Simon Forman, Shakespeare and the stage

12 September is the anniversary of the death of the colourful astrologer-cum-physician Simon Forman – or perhaps it was 11 September, or even 5 September, accounts vary.  Whichever is correct, Forman was a well-known, even notorious figure in Shakespeare’s London, said to be the inspiration for Ben Jonson’s play The Alchemist, and a great example of the vibrancy of English life.

Simon Forman was born in 1552 in a hamlet outside Salisbury. Following a grammar school education he attempted to study at Oxford but was forced to cut short his formal education due to lack of money. He did most of his studying while working as a teacher. He was found with magical books and imprisoned, but despite his lack of training in 1592 he still managed to set himself up as an astrologer and physician in London. His casebooks, now at the Bodleian Library in Oxford, give details of 10,000 consultations. They show that he dealt with a wide range of matters, and began each consultation with an astrological reading. One common question was whether a man or his wife would die first. There’s a transcript of Forman’s formula for working this out here

Here’s an example using a fictional couple:

Mary & Jhone being man & wife which shall die first. Mary the number of her letters are 4 & the number of the letters of Jhone are 5 & Jhone is the elder & she was a mayd & he a bacheler & neyther of them was contracted to any other before, & the number of boath of the names being added togeather make 9 then because Jhone is the elder I begin with Jhone & say Jhone mary Jhone mary 9 times & the number doth end on Jhone. Therfore dico quod Jhoanna prius morietur.

The Casebook Project is currently under way to digitise and transcribe Forman’s casebooks as well as those of his follower Richard Napier, aiming to  make available a huge amount of information about the preoccupations and beliefs of the people who consulted these men. Here’s a link to an article by expert Lauren Kassell about Forman and the project.

The Royal College of Physicians fined Forman for practising medicine without a licence, and in 1601 they complained that he was the worst of the “unlearned and unlawful practitioners, lurking in many corners of the City”. We’d find the methods of most of the scientists of this period hard to take seriously today. Queen Elizabeth’s astrologer, John Dee, was a famous, learned and highly regarded mathematician, but was better known for practising alchemy and being associated with the occult. Even the highly-regarded physician John Hall, Shakespeare’s son in law, prescribed alarming-sounding remedies to his patients.

 

The unicorn from Topsell

It wasn’t just the workings of the human body that fascinated the Elizabethans and Jacobeans. They strove to document and explain the world around them, but were defeated by the complexity of the world that was opening up to them. Myth and fact sat side by side: Topsell’s 1607 History of Four-Footed Beasts contains information about domesticated animals like horses and goats as well as the mythical unicorn.

Forman was a compulsive record keeper, describing performances he attended at the theatre. He went to see Macbeth, and was impressed by the medical and magical elements of the play, especially the presence of a doctor making notes of Lady Macbeth’s words as she sleep-walked. You can find the full description here , but this is an extract:

 In Macbeth at the Globe, 1610, the 20 of April, Saturday, there was to be observed, first, how Macbeth and Banquo, two noble men of Scotland, riding through a wood, there stood before them three women fairies or nymphs, and saluted Macbeth, saying three times unto him, “Hail, Macbeth, King of Codon; for thou shall be a King, but shall beget no kings,” etc. Then said Banquo, “what all to Macbeth, and nothing to me?” “Yes”, said the nymphs, “hail to thee, Banquo, thou shall beget kings, yet be no king”; and so they departed …

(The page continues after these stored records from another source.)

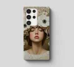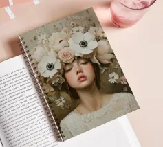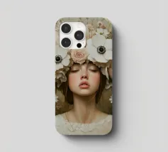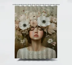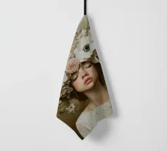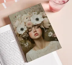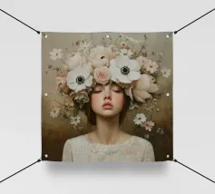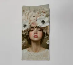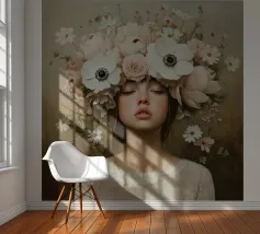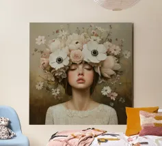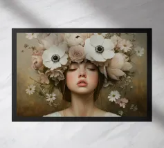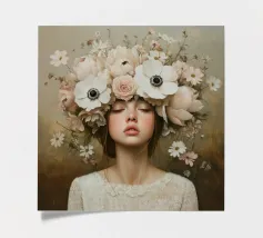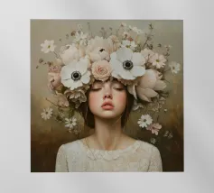 Un moderno collage di opere d'arte che fonde la fotografia con i toni morbidi e tenui del blush, del pastello e del marrone. Il ritratto raffigura una donna molto giovane adornata da delicati fiori sulla testa, che creano un aspetto etereo e naturale. Metà del viso è oscurata, aggiungendo mistero e profondità al ritratto. La sottile tavolozza di colori, con sfumature morbide e texture delicate, evoca tranquillità e femminilità. Questo pezzo contemporaneo combina il realismo con elementi astratti, offrendo una qualità serena e onirica che attira lo spettatore nella sua tranquilla bellezza.
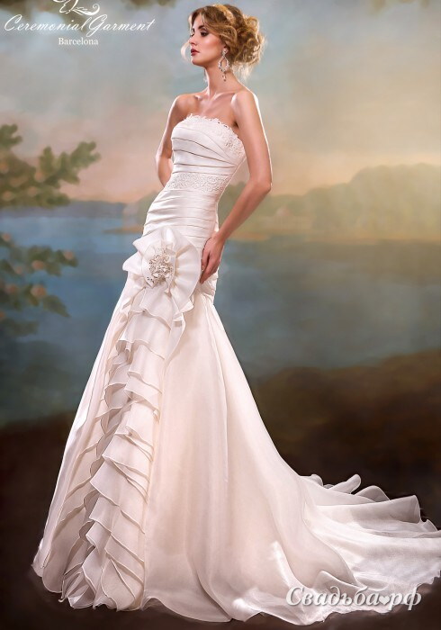 Свадебное платье Майли из коллекции SL Cremonial Garment Barcelona дизайнера Svetlana Lyalina создано для самых эффектных красавиц. Заниженный корсет с плотной драпировкой подчёркивает достоинства фигуры. Длинная юбка с многоярусными воланами и крупным бантом на бедре дополнена гладким верхним слоем. Шлейф придаёт образу особый шик.
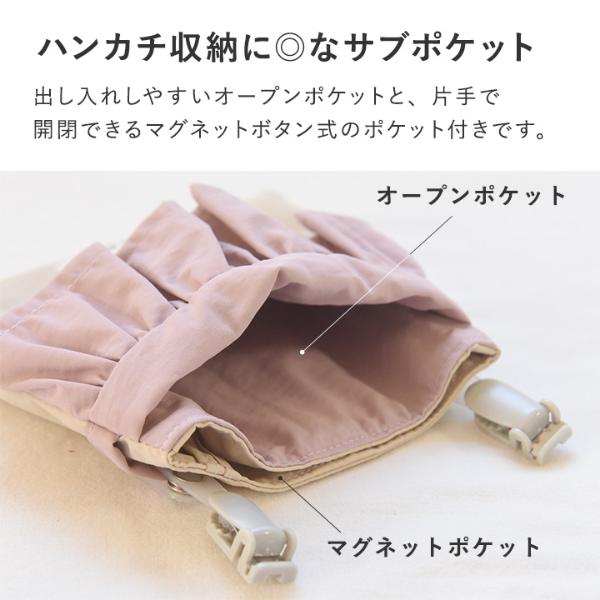 ハンカチ収納に◎なサブポケットティッシュポケットの後ろにはサブポケットが2つ付いています。出し入れしやすいオープンポケットと片手で開閉できるマグネットボタン式のポケットが付いているから小さく見えて収納もバッチリ。
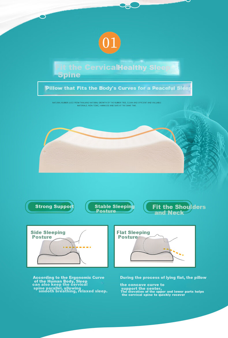 **Description:** Children's latex pillow designed to accompany healthy growth and meet various sleep needs of babies. Designed to meet the needs of baby's sleep, providing comfort and support for different sleeping positions.
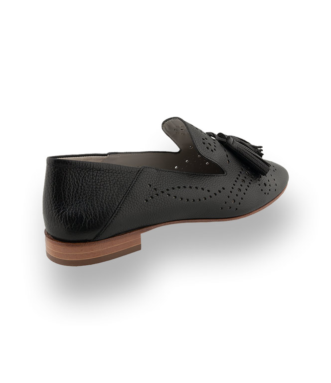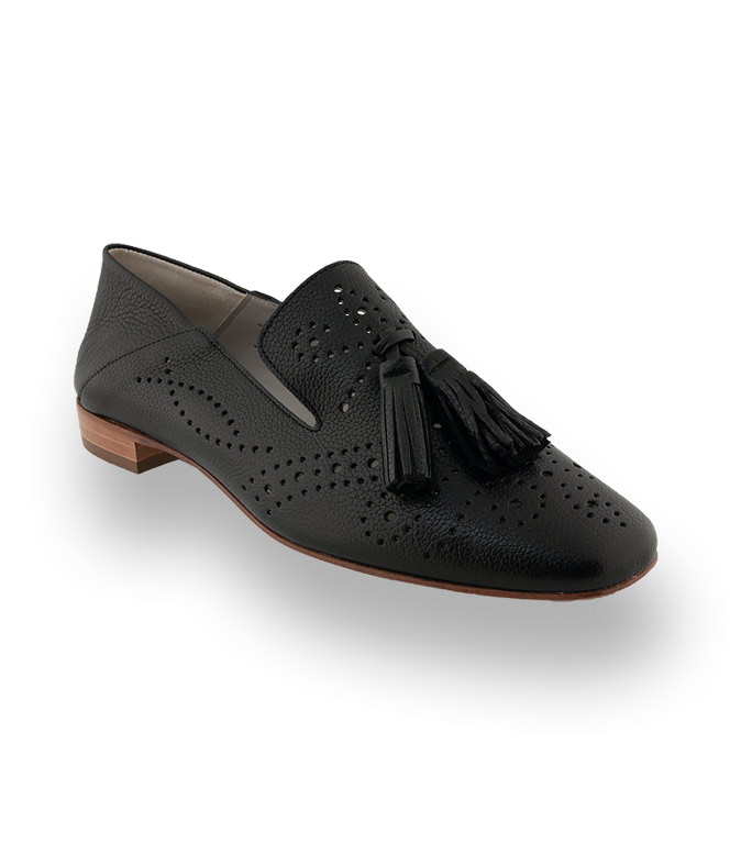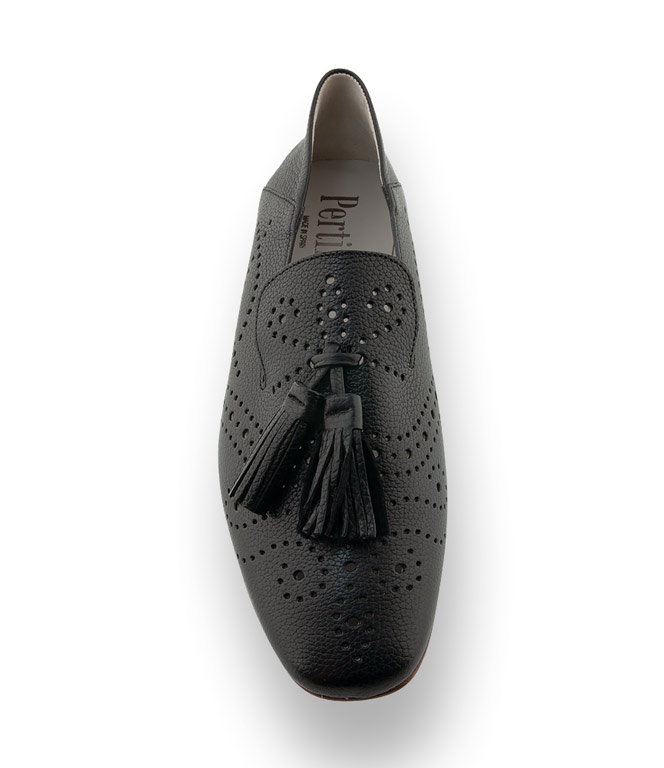Der schwarze Loafer aus genarbten Leder erlebt sein Comeback und ist vielfältig einsetzbar. Pertini pusht das Modell durch die modische Karreeform und ein schickes Lochmuster sorgt für Leichtigkeit. Quasten unterstreichen den lässigen Style. Die unverstärkte Ferse ermöglicht es den Slipper auch als Mule zu tragen. Reinschlüpfen und sich wohlfühlen. Fashion-Statements mit Format, die den Vergänglichkeitstest problemlos bestehen.

And Macbeth…through the persuasion of his wife did that night murder the King in his own castle, being his guest; and there were many prodigies seen that night and the day before. …

Then was Macbeth crowned kings; and then he…contrived the death of Banquo…. The next night…the ghost of Banquo came and sat down in his chair behind him. And he…saw the ghost of Banquo, which fronted him so, that he fell into a great passion of fear and fury, uttering many words about his murder, by which, when they heard that Banquo was murdered, they suspected Macbeth. …

Observe also how Macbeth’s queen did rise in the night in her sleep, and walked and talked and confessed all, and the doctor noted her words.

Forman is supposed to have predicted the date of his own death, and it’s somehow appropriate that the exact date and circumstances aren’t clear. The Casebook Project should throw light on many areas of life in Shakespeare’s London.